Neuroinflammation and oxidative stress have been emerging as important pathways contributing to
Parkinson's disease (PD) pathogenesis. In PD brains, the activated microglia release inflammatory factors such as
interleukin (IL)-β,
IL-6,
tumor necrosis factor (TNF)-α, and
nitric oxide (NO), which increase oxidative stress and mediate neurodegeneration. Using
1-methyl-4-phenylpyridinium (MPP+)-activated human microglial HMC3 cells and the sub-chronic
1-methyl-4-phenyl-1,2,3,6-tetrahydropyridine (
MPTP)-induced mouse model of PD, we found the potential of
indole derivative
NC009-1 against
neuroinflammation, oxidative stress, and neurodegeneration for PD. In vitro,
NC009-1 alleviated MPP+-induced cytotoxicity, reduced NO, IL-1β,
IL-6, and TNF-α production, and suppressed NLR family pyrin domain containing 3 (NLRP3)

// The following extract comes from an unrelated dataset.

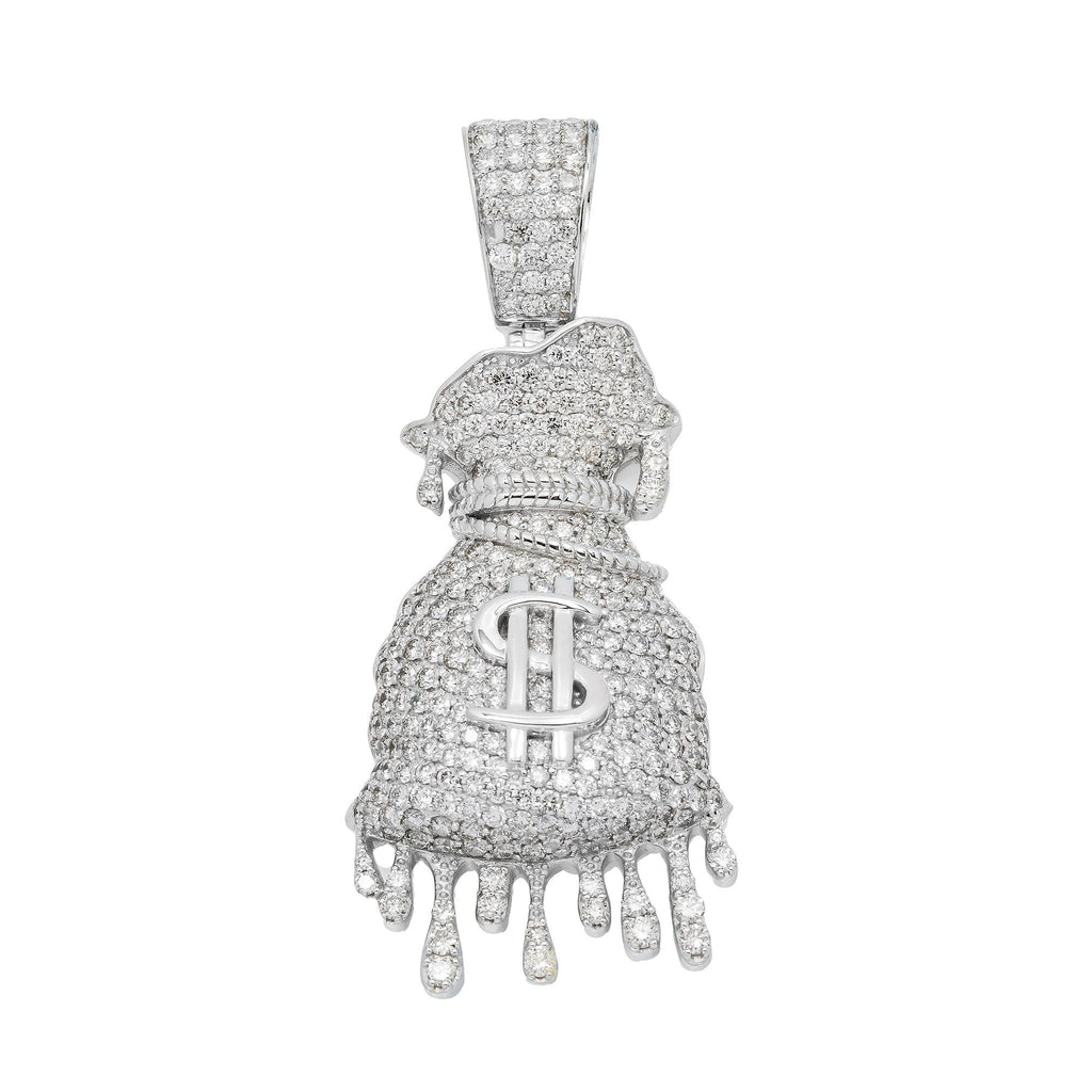 14K GOLD DIAMOND DRIPPING MONEY BAG PENDANT 3.75 CT

inflammasome activation in MPP+-activated HMC3 cells. In vivo,
NC009-1 ameliorated motor deficits and non-motor depression, increased
dopamine and
dopamine transporter levels in the striatum, and reduced oxidative stress as well as microglia and astrocyte reactivity in the ventral midbrain of
MPTP-treated mice. These protective effects were achieved by down-regulating NLRP3, CASP1, iNOS, IL-1β,
IL-6, and TNF-α, and up-regulating SOD2, NRF2, and NQO1. These results strengthen the involvement of
neuroinflammation and oxidative stress in PD pathogenic mechanism, and indicate
NC009-1 as a potential drug candidate for PD treatment.